By Cyndy Salamti
Although the elementary school that Cyndy Salamati’s twins attend offered her the choice of separating or keeping her boys together, she was surprised to learn that many schools around the country have a “twin policy” that mandates separation. Cyndy’s interest was aroused and she began researching the reasoning behind such a policy. She summarizes what she read.
The Joy of Twins
(Crown Publishers, Inc., 1988), Pamela Patrick Novotny
The author states that the need to separate twins lies in the fear they will be “pathologically dependent on each other if not forced to strike out on their own while still young.” Our society places great importance on individualism and fosters the belief that keeping twins together only invites comparisons that will hurt the twins, and obstruct their ability to develop separate identities. “The best policy,” Novotny suggests, “seems to be no policy at all, which means that each year, you and your children need to decide what will work best for you.”

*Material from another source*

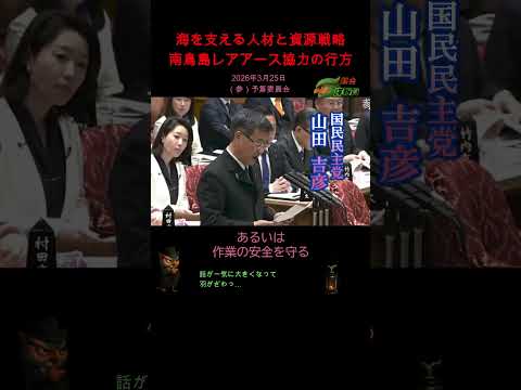 【海を支える人材と資源戦略/高市内閣VS国民民主党】2026年3月25日(参)予算委員会#山田吉彦#高市早苗#日米首脳会談#エネルギー#レアアース#南鳥島#日米共同開発#トランプ#海洋国家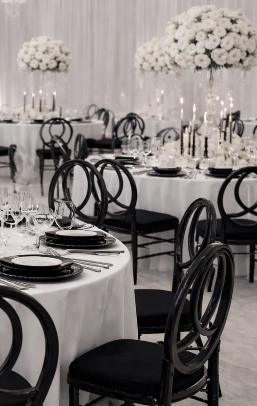 Dodajte svojej svadbe či eventu moderný luxus a nadčasový štýl. Čierne stoličky sú jednoducho dokonalé

The Art of Parenting Twins
(Ballantine Publishing Group, 1999) by Patricia Maxwell Malmstrom and Janet Poland
Malmstrom and Poland agree with Novotny. “Twins vary in their need to be in separate or the same classrooms from year to year.” The authors argue that twins benefit from placement together, however. They make the point “there is no research supporting the idea that separation is necessary for the growth of individuality at this stage. In fact, the evidence suggests that twins who are separated inappropriately are liable to regress and cling more tightly to their relationship.” The authors recommended separation if both children initiate the request, when they’re different in personalities and abilities and one twin has trouble keeping up or if they are getting locked into roles that might restrict their behavior.
The Parents’ Guide to Raising Twins
(St. Martin’s Press, 1983) by Elizabeth Friedrich and Cherry Rowland
The authors point out that starting twins in elementary school together makes it easier for each of them to settle into the new environment, especially if they go to a school where they don’t know anyone else. Friedrich and Rowland, however, cite several twin behaviors that could “inhibit one or the other from participating fully in an area of schoolwork or play if they are kept together.” For example, twins trying to be exactly the same or, in contrast, making an effort to pull apart and establish separate identities.
Separation may also be in the twins’ best interest if one twin feels that he or she can’t compete with the other in certain activities and, rather than risk failure, abandons attempts to participate, or in cases where one or both twins struggle with issues of inferiority or domination. For the most part, the authors encourage individualism and strongly suggest separation in the primary school environment.
Cyndy Salamati lives in Brookfield, Wis., with her 7-year-old twin boys.